Sharmila takes us on a trip of Mumbai’s famous or infamous Dharavi through her series of photographs titled Hanging Gardens of Dharavi. Reflective of her distinctive eye for not only good visual compositions but also some real beauty sifted from the midst of the chaotic disorder and clutter of this ‘biggest slum’, the photos create a positive image of the place which also now has the reputation of an economic hub also.
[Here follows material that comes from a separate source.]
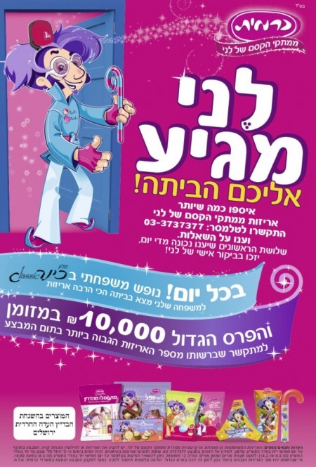 המבצע של לני לא שונה ממבצעים גדולים אחרים, שכולנו מכירים. אוספים עטיפות, חשבוניות, פקקים וכל הוכחת קניה אחרת וזוכים בפרס כזה או אחר. הצבעים של המודעה עזים. יפים. מתוקים. מקסימים. בולטים. אין כאן יותר מדי קריאייטיב, יש כאן מודעה מכירתית ואין שום סיבה שהיא לא תעבוד כמו שצריך. הדמות “לני” של כרמית המתנוסס על אריזות הממתקים, נתפס כחבר טוב של הילדים ועל פי עדות אנשי החברה, רבים פונים אליהם על מנת לקבל פריטים של לני לצורך תחפושות לפורים. נו? מישהו שם במקאן מתכוון לייצר תחפושות?

Sharmila captures the greenery, the shrubs, the floral growth, the creepers, the climbers and the Bougainville, the money plants some of which hang from ‘pots’ of all makes – the plastic paint containers to make-shift pots to earthen flower pots. There also are interesting shots of forced eruptions that peepal trees can make from the middle of anywhere!

This redeeming exercise in looking at a small effort at beautifying and providing some Oxygen to inmates of the area, looks quite appealing.

Shweta’s Gram Project is not just about creating artefacts or artworks aimed at changing the pitch of festival celebration whereby she and a number of her compatriots from Paradsinga in Chhindwara district also aim at leading a holistic life without migrating to cities and even more, that deserves society’s attention. These articles have seeds embedded within, with the objective of sowing the same when the product is used up for its purpose.

Grover’s image less photographs are about extending the impact of photography beyond ‘its visible level and also how language is intimately connected with cultural codes’.

All in all a unique and a good show presented jointly by KCA and Neekoee Foundation, this one will be a joy to watch. The show is available till March 16.